Later the news reaches him that Bertie Ahern’s mother, in Dublin, has died. Still, the Taoiseach will arrive by helicopter later tomorrow. Blair, too, will arrive with his convoy. The power brokers. The figureheads. The men who have inherited it. All of them will be in one place. In the one building. Primed. There is talk of a thousand journalists now, too. A thousand. It stuns him. From all corners of the globe. He must coordinate it now, this endgame. No matter what. He sits at his desk, uncaps his fountain pen. There can be no discussion of a pause or break. I intend to tell the parties that I won’t even consider such a request. There’s not going to be a break, not for a week, not for a day, not for an hour. We’ll either get an agreement or we’ll fail to get an agreement.
He cracks the window further. A sea-wind. All those ships out there. All those generations that left. Seven hundred years of history. We prefigure our futures by imagining our pasts. To go back and forth. Across the waters. The past, the present, the elusive future. A nation. Everything constantly shifted by the present. The taut elastic of time. Even violence breaks. Even that. Sometimes violently. You don’t know what this means, Senator.

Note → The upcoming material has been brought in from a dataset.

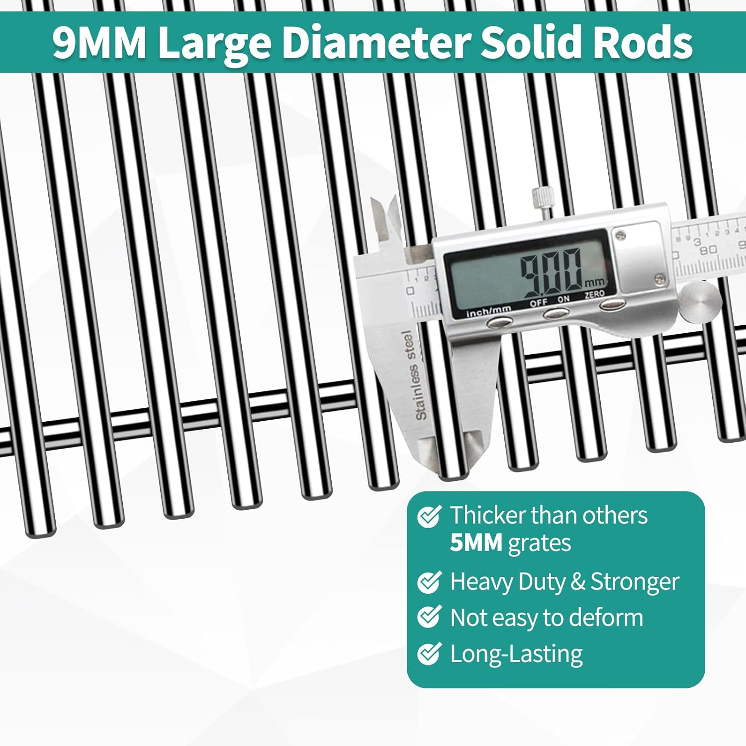 - 【9MM Diameter Solid Rods】Thickness of Meyafiny cooking grate is 9MM, more thicker and stronger than other 5mm/ 7mm grill grates. Our barbecue cooking grids feature SUS304 thicken solid rod bars, which are not easy to deform and more durable for long time using.

For the next two days he will hardly sleep, hardly eat. No hotels even. He refuses to leave the office. He will sleep at his desk. He will wash at the hand basin in the small bathroom. Run the water. Tap the soap dispenser. Wash his hands thoroughly, methodically. Splash water on the back of his neck. Walk back along the corridor. Meet with Hume and Trimble. Listen carefully to their every word. Good men, both. The linchpins of the process. And he will spend hours on the phone with Clinton. Examining the very minutiae of the process. The dream of it all. The parade of footsteps along the corridor. Draft and redraft. He will beg the civil servants not to leak the documents. He will stand at the photocopy machine himself. Just to guard the memos. He will even number the copies. Walk up and down the stairs. From the canteen to his office, and back. Visitor after visitor. Party leaders. Representatives. Diplomats. Civil servants. He will feel as if he has had the same conversation a dozen times, two dozen. He will catch himself in midtalk, wondering if he has said this same thing just seconds before. A flush of blood to his cheeks. An embarrassment. Searching for new ways to say the exact same thing. He will listen for a riot, another murder, a bomb blast. On the radio. The television. At the gates even. None will come. Just the constant knocking on his door. Trays of sandwiches. Pots of tea. He will hear the sirens roar out the window. The cheers and the booing. The letters slipped in under the door. The whispered moan of prayers. The uneaten trays of food. Claire Curtain. Lottie Tuttle. Sheila Whelan. All the bits and pieces of his days. His desire for sleep nearly as powerful as his desire for peace. He should call her. Has he called her? Her voice. His breath. Andrew. Sleep.
THE CANTEEN WORKERS finish at ten in the evening, but then his own staff trundle downstairs to light the stove, boil the water, stir the leaves. He will lift and pour, lift and pour. This whole memory, it will taste of tea.